§ Exercise details
Pictures must be left out. Print the lines from the beginning of the material through the line holding "Kleines Glück für", exactly and nothing else.

§ Data shown
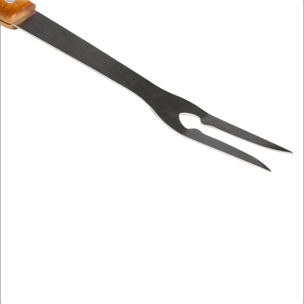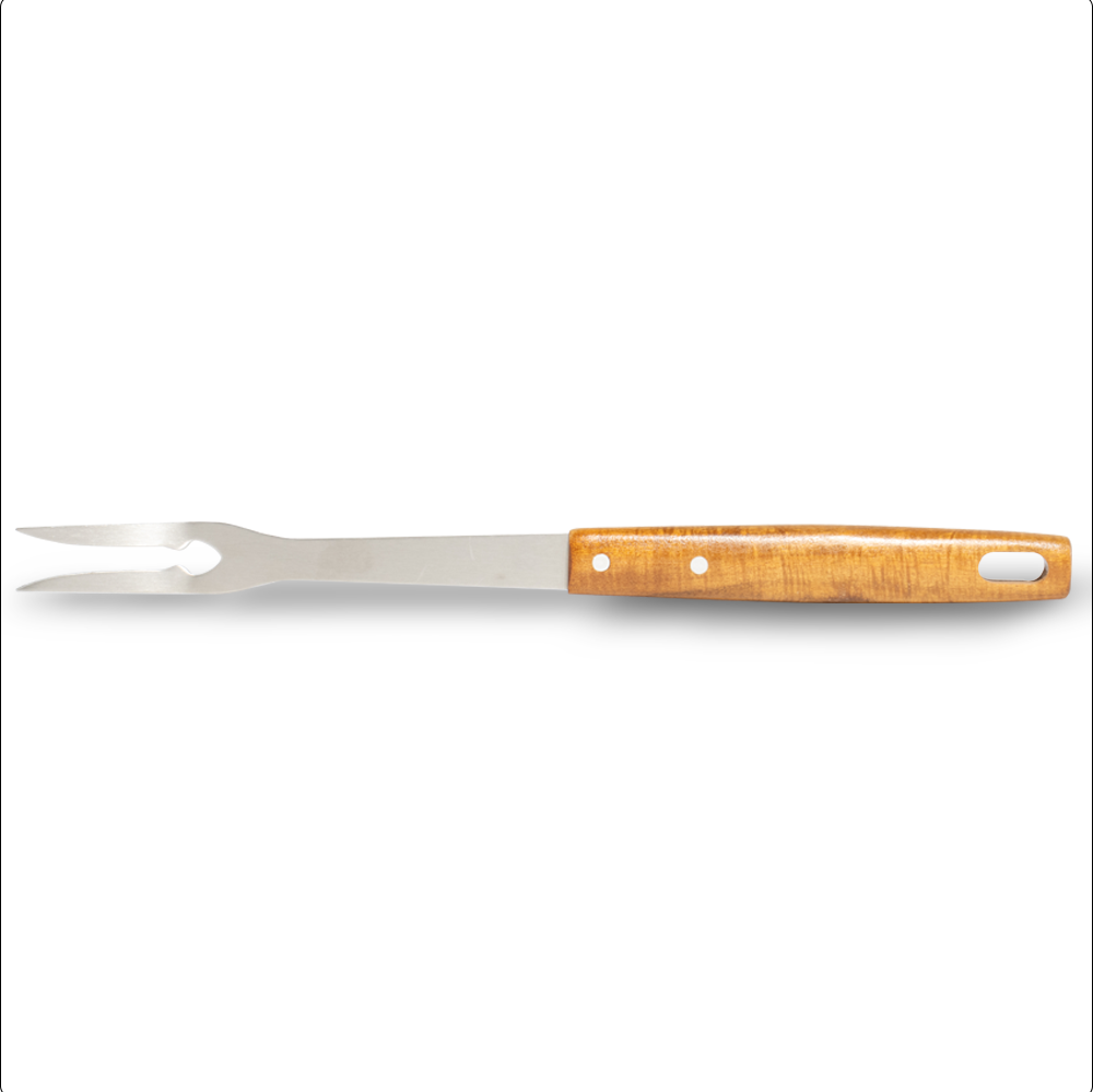 Además, el mango de madera natural mide 20 cm y aporta un toque elegante y tradicional. Su forma ergonómica asegura un agarre firme y cómodo, reduciendo la fatiga incluso en largas sesiones de asado. Gracias a su longitud total de 42 cm, podrás trabajar manteniendo una distancia segura del fuego o de superficies calientes.
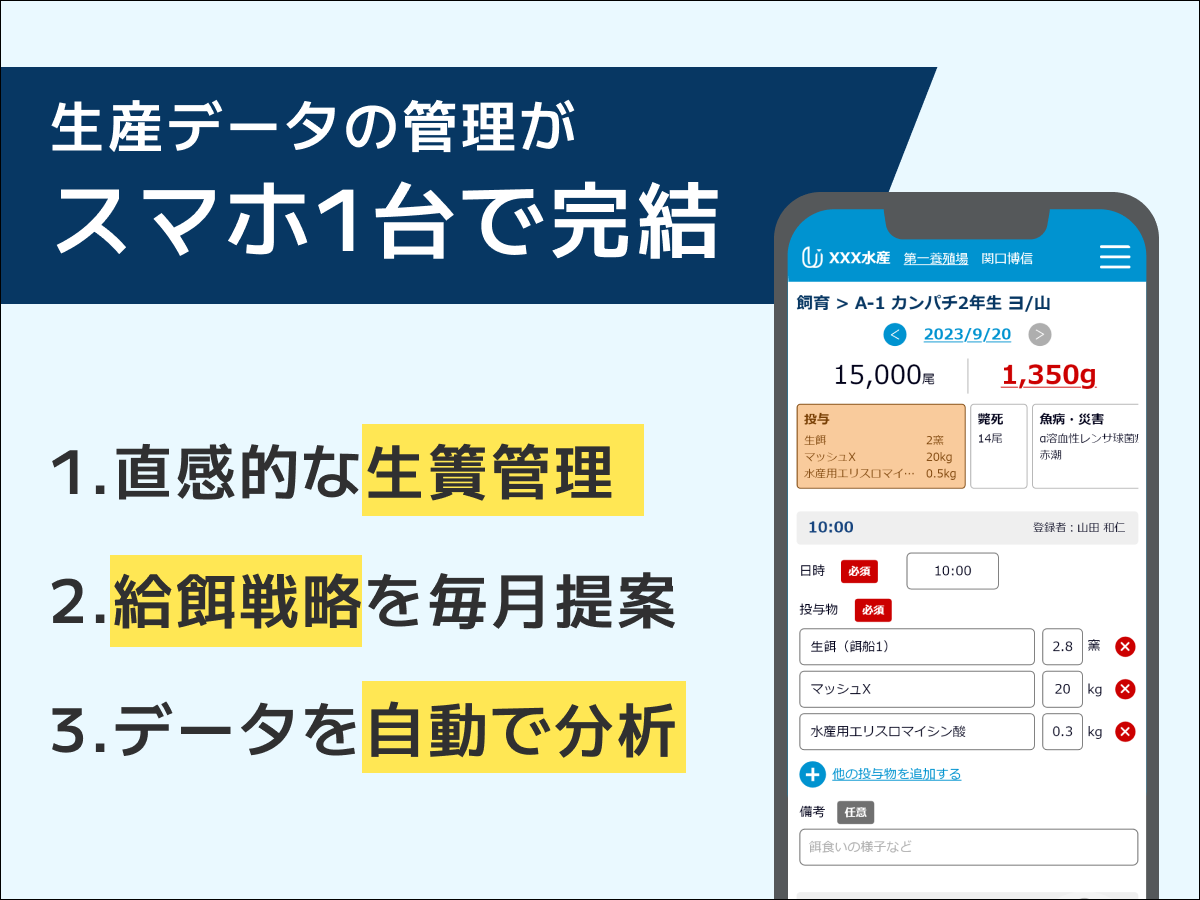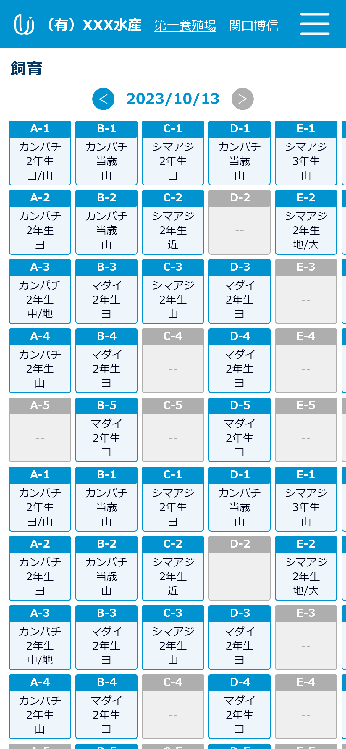 分養や統合を行うと生簀構成が週や月の途中で変わってしまうため、これまでの表計算ソフトや業務用ソフトでは生産データの記録・管理・振り返りを直感的に行うことは困難でした。
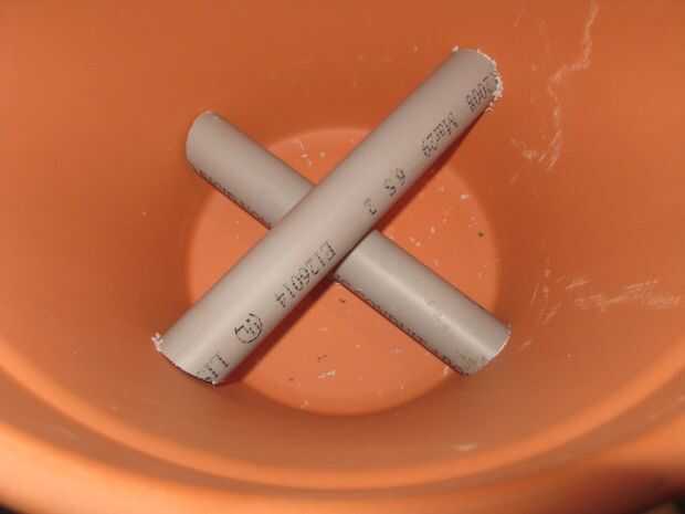 Asegúrese de que su tubo más corto quede en la parte inferior de la maceta de 12"(sin tocar la parte inferior) y asegúrese de que el tubo más largo se coloca sobre (y perpendicular a) el tubo más corto sin tocarlo.
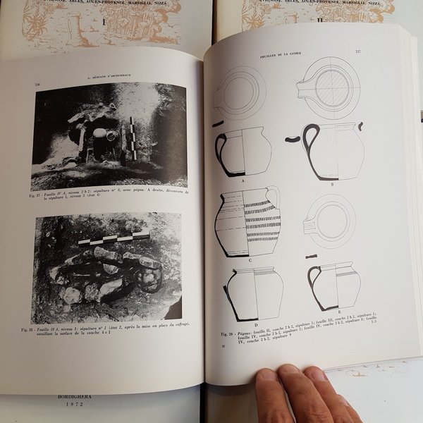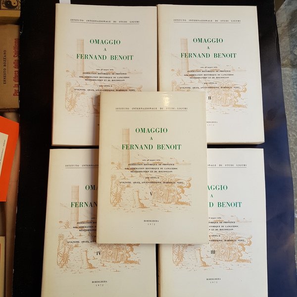 5 voll. in-8°, pp. 360, 386, 316, 330, 229, 11 carte geogr., piantine e planimetrie ripiegate f.t., di cui alcune a colori., brossure editoriali con sovracc. L'Istituto Internazionale di Studi Liguri avendo ricevuto da Benoit ispirazione, sostegno e guida scientifica, ha dedicato alla sua memoria e alla sua opera le annate 1967- 68- 69- 70- 71 della 'Rivista di studi liguri', con l'apporto solidale degli storici e degli archeologi più legati alla Provenza e al Mediterraneo; alla vita e alle opere di Benoit sono dedicati i primi 4 dei 78 saggi contenuti nei 5 voll., gli altri saggi trattano di scoperte archeologiche e di studio dei reperti in Provenza, Alpi Marittime, Linguadoca, Liguria ma non solo, anche zone della Spagna, della Sardegna e della Sicilia; centinaia di disegni, schemi, piantine, c. geogr., fotografie di oggetti, monumenti, statue e scavi archeologici. Ottimo esemplare.
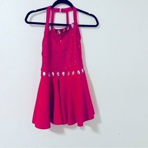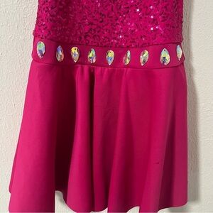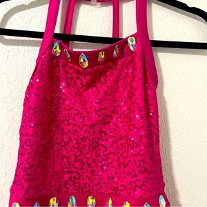 Weissman LC Large (12-14) Pink Sequins & Crystal Dance Costume Halter Neckline
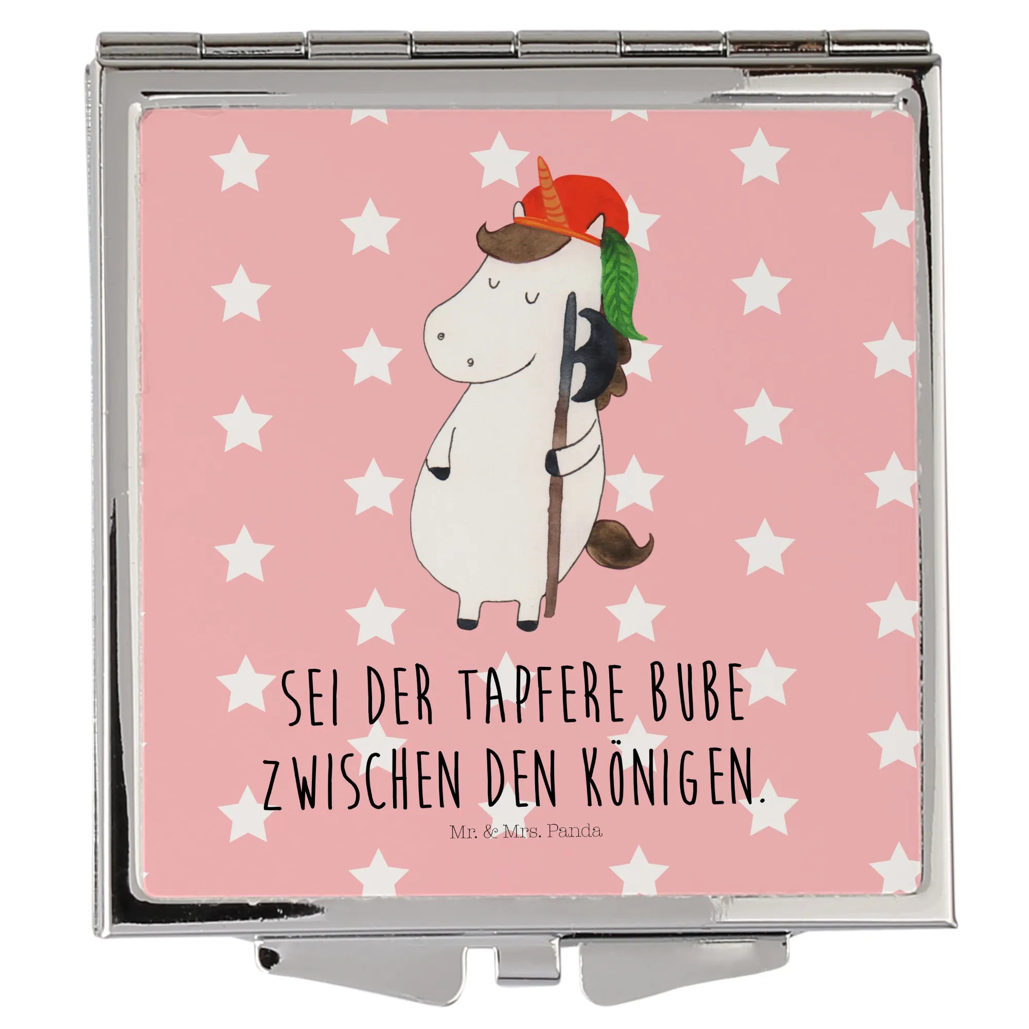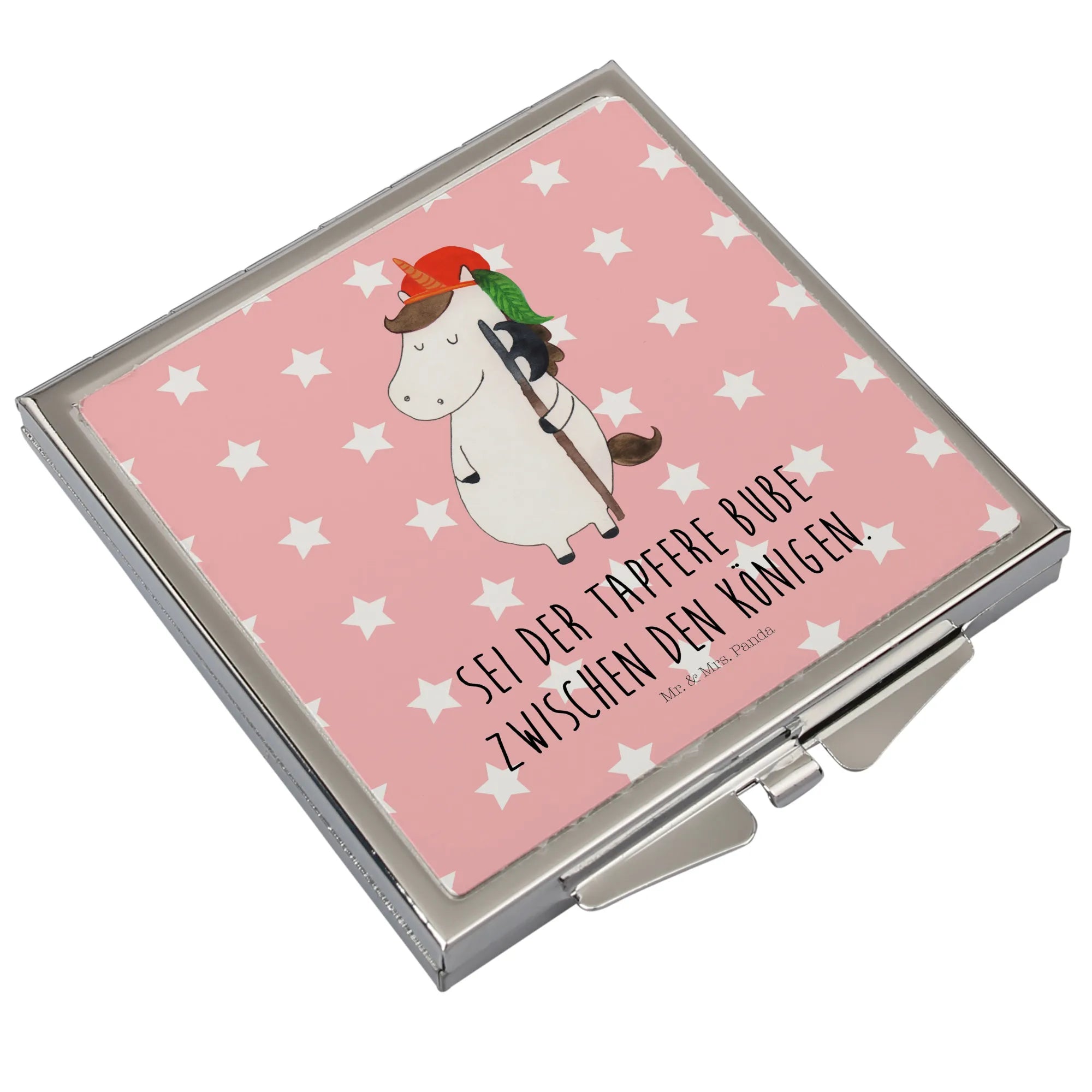 Kleines Glück für Deine Tasche: Du liebst Einhörner? Dann wirst Du unseren Handtaschenspiegel quadratisch Einhorn Bube von Mr. & Mrs. Panda lieben. Dieser kompakte Klappspiegel vereint zauberhaftes Design mit praktischer Funktion – ideal als Schminkspiegel To Go oder Reise Spiegel.
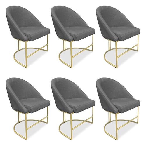 A base metálica em dourado confere à cadeira um aspecto industrial moderno, proporcionando um contraste encantador com o tecido em linho. Essa mistura de materiais agrega um ar contemporâneo e luxuoso ao ambiente, além de assegurar estabilidade e durabilidade à peça. O acabamento cuidadoso realça ainda mais a beleza e a qualidade do produto.
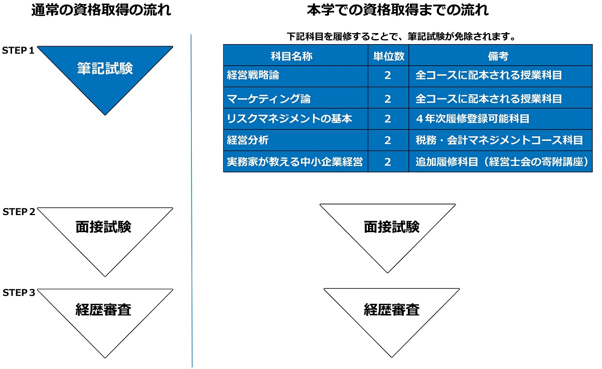 本学は、一般社団法人日本経営士会と連携しています。通信教育課程で指定の科目単位を修得すれば、環境経営士・経営士補の資格試験の一部が免除され、資格の取得が有利になります。この資格を取得すると経営コンサルタントへの道が開けます。
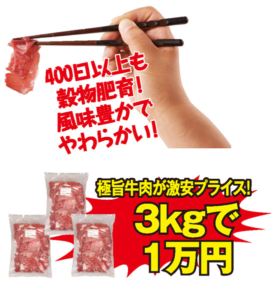 牧畜王国のオーストラリア牛と国産和牛の掛け合わせから生まれた、美味しい交配牛を使用。日本の精肉店でスライスした、安心上質な切り落としです。400日以上もの穀物肥育で丹念に育てた、臭みがなく風味豊かでやわらかな肉質が特徴。それがなんと3kgで10,000円ちょうどという、上等な肉質からは信じられない、切り落としならではの超お得な激安プライスも大きな魅力です。いろいろな料理に使いやすいスライスカットで、バラバラに凍結されていますので、必要な量だけ取り出して解凍・ご使用いただけます。焼き肉やビーフカレー、肉野菜炒めにはもちろん、切り落としといっても肉質は高級品と変わりありませんので、すき焼きやしゃぶしゃぶも絶品の美味しさ。超お得な極旨牛肉を、この機会にぜひお買い求めください。
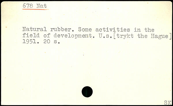 Natural rubber. Some activities in the field of development. U.s.[trykt the
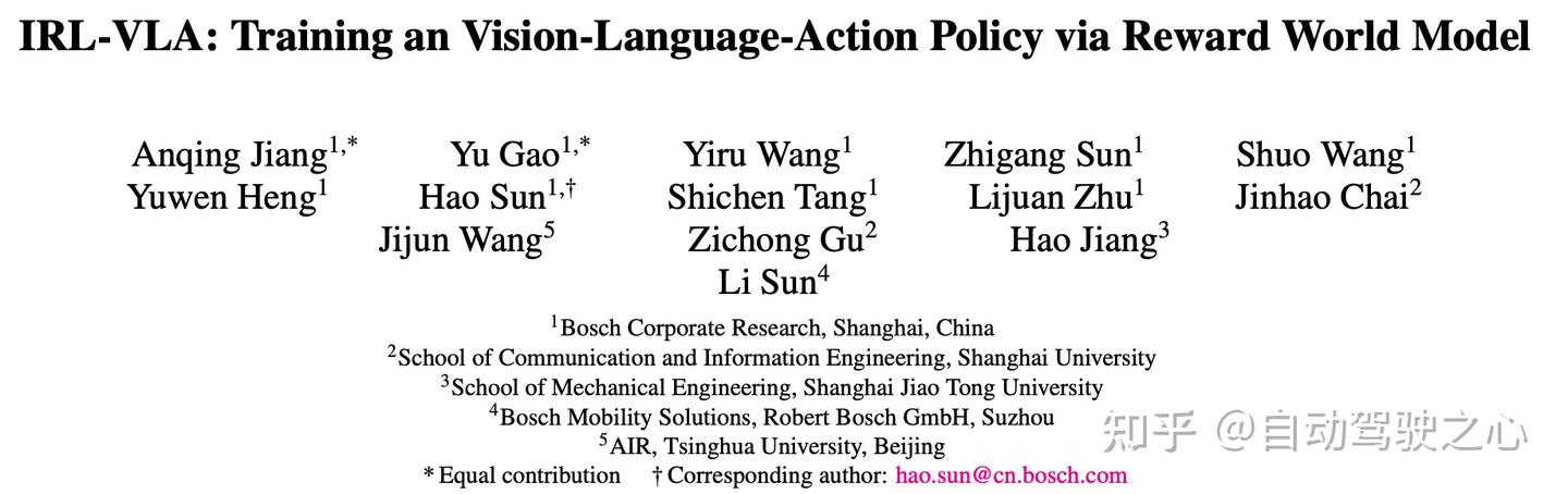 2025-08-13 自驾VLA再升级!博世最新IRL-VLA:奖励世界模型打造全新闭环强化学习框架

§ Result for this task
 Además, el mango de madera natural mide 20 cm y aporta un toque elegante y tradicional. Su forma ergonómica asegura un agarre firme y cómodo, reduciendo la fatiga incluso en largas sesiones de asado. Gracias a su longitud total de 42 cm, podrás trabajar manteniendo una distancia segura del fuego o de superficies calientes.
 分養や統合を行うと生簀構成が週や月の途中で変わってしまうため、これまでの表計算ソフトや業務用ソフトでは生産データの記録・管理・振り返りを直感的に行うことは困難でした。
 Asegúrese de que su tubo más corto quede en la parte inferior de la maceta de 12"(sin tocar la parte inferior) y asegúrese de que el tubo más largo se coloca sobre (y perpendicular a) el tubo más corto sin tocarlo.
 5 voll. in-8°, pp. 360, 386, 316, 330, 229, 11 carte geogr., piantine e planimetrie ripiegate f.t., di cui alcune a colori., brossure editoriali con sovracc. L'Istituto Internazionale di Studi Liguri avendo ricevuto da Benoit ispirazione, sostegno e guida scientifica, ha dedicato alla sua memoria e alla sua opera le annate 1967- 68- 69- 70- 71 della 'Rivista di studi liguri', con l'apporto solidale degli storici e degli archeologi più legati alla Provenza e al Mediterraneo; alla vita e alle opere di Benoit sono dedicati i primi 4 dei 78 saggi contenuti nei 5 voll., gli altri saggi trattano di scoperte archeologiche e di studio dei reperti in Provenza, Alpi Marittime, Linguadoca, Liguria ma non solo, anche zone della Spagna, della Sardegna e della Sicilia; centinaia di disegni, schemi, piantine, c. geogr., fotografie di oggetti, monumenti, statue e scavi archeologici. Ottimo esemplare.
 Weissman LC Large (12-14) Pink Sequins & Crystal Dance Costume Halter Neckline
 Kleines Glück für Deine Tasche: Du liebst Einhörner? Dann wirst Du unseren Handtaschenspiegel quadratisch Einhorn Bube von Mr. & Mrs. Panda lieben. Dieser kompakte Klappspiegel vereint zauberhaftes Design mit praktischer Funktion – ideal als Schminkspiegel To Go oder Reise Spiegel.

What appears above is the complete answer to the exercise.